封柏中咬牙切齿道:“去岁年初就不时有齐兵越境杀人的事情。小公爷您看,”封柏中指着帅帐里的沙盘道:“不论齐兵如何行军,偏城谷、乌鸦嘴这两处必定是要经过一处的。末将这里没有任何发现,所以询问过驻守乌鸦嘴的右营果毅都尉杨文,他信誓旦旦的说没有看到任何人经过。”
“所以……如果真的有齐国兵越境,必然是从杨文这里经过的?”李牧看了看沙盘,发觉完全看不懂。
封柏中道:“是。末将起初以为是杨文杀良冒功,但又发现每逢齐国兵出现值夜的都是他的亲信部下,这就太巧了。随后末将又逐渐发现杨文的人偶尔会开往齐国境内,人数都不多但每次都能带回上百只左耳,以及,陈如江的儿子陈冲偶尔会混在队伍里,末将这才猜测到陈入江和齐国人有勾结。”
“你没有把这些报上去?”李牧看着他。
封柏中一脸苦涩:“末将无能,没有抓到任何实质性的证据,朝廷派来的人也没有找到任何蛛丝马迹。这些事情倒是都有报给国公爷,他也试过想把陈如江调回京师问罪,但早年陈如江确实有功,朝堂里不少人认为这是构陷……”
李牧差不多明白了。
官官相护并不是只针对普通人,因为他们是一个利益团体——哪怕是不同的小团体他们都会死命的维护自家人。所谓的朝堂……本质上和幼稚园里抢玩具分派别的小孩子没什么不同呢。
所以说到底最重要的还是证据,如果抓不到陈如江勾结齐国的证据,那么不管是谁都没法搬倒他。

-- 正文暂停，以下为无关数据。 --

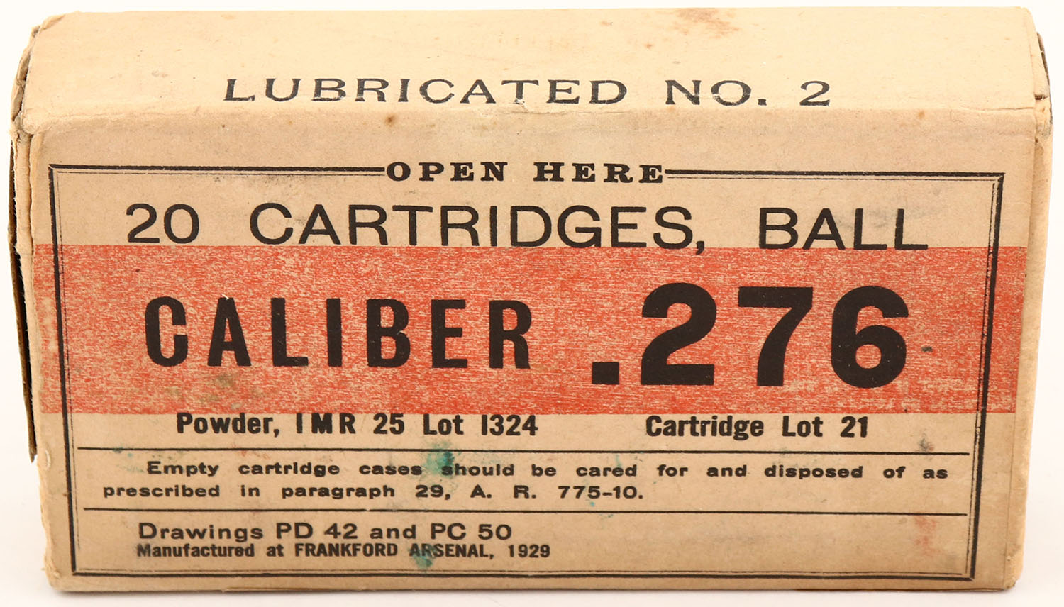 Frankford Arsenal, .276, Lot 21, 1pc, Sealed but hole inside with two Rds. Missing, 18 Rds. Total, buff bx with buff/orange label & black print, box has hole on left end, partial split seam on bottom, light age soiling, light rub wear & light edge wear. (462) Grade: Very Good ++ - Value: 20 to 40

还有一点,交州到底有多少官员参与了这件事,他们的目的是什么,这些都还不明朗。如果单纯是为了军功的话,那么大可以杀良冒功,但放齐国人入境到底是什么情况?
李牧的脸色和封柏中一样的苦涩,深感无从下手。
李牧看了看封柏中问道:“除了这些,还有别的消息吗?”
封柏中叹息道:“去年末将调查这件事的时候林都尉找我说过谈过,隐晦的提过要末将别站错队伍之类的话。末将当时就断然拒绝,随后左营的防务就越来越繁重,末将也没有过多的精力去调查此事。所以……”
“所以被排挤打压甚至是构陷了对吧?”李牧完全明白了封柏中的处境。
“是,但朝廷有国公爷在,针对末将的参劾都压下了。末将不能为国公爷分忧,反而累他护我周全,实在是惭愧。”
李牧摇了摇头道:“都尉大人能扎在这里只怕就是最大的帮助了。”
封柏中摇了摇头道:“小公爷,所以交州实非久留之地,末将观陈如江已经对国公爷生了怨气,此人向来狠辣而且斤斤计较,若他知道小公爷的身份,只怕会对小公爷不利,不如明日我送小公爷走?”
大家一直站在一旁没有说话,这个时候谭静雅道:“陈如江没这么大的胆子吧?”
顾晨晨冷哼一声道:“畜生的想法你怎么会明白?”
谭静雅一呆,林婉儿慌忙解释道:“晨晨的意思是你不是那种心里阴暗的人所以肯定不知道他的想法……”
谭静雅苦笑道:“我知道,虽然还是不习惯……”
经过这么一打岔大帐里的气氛稍稍缓和了一些,李牧想了想道:“看看情况吧,至少在左营的话他还没本事进来图谋不轨吧?”
封柏中拍了拍胸口:“在这里想动小公爷的话,踏着末将的尸体过去!”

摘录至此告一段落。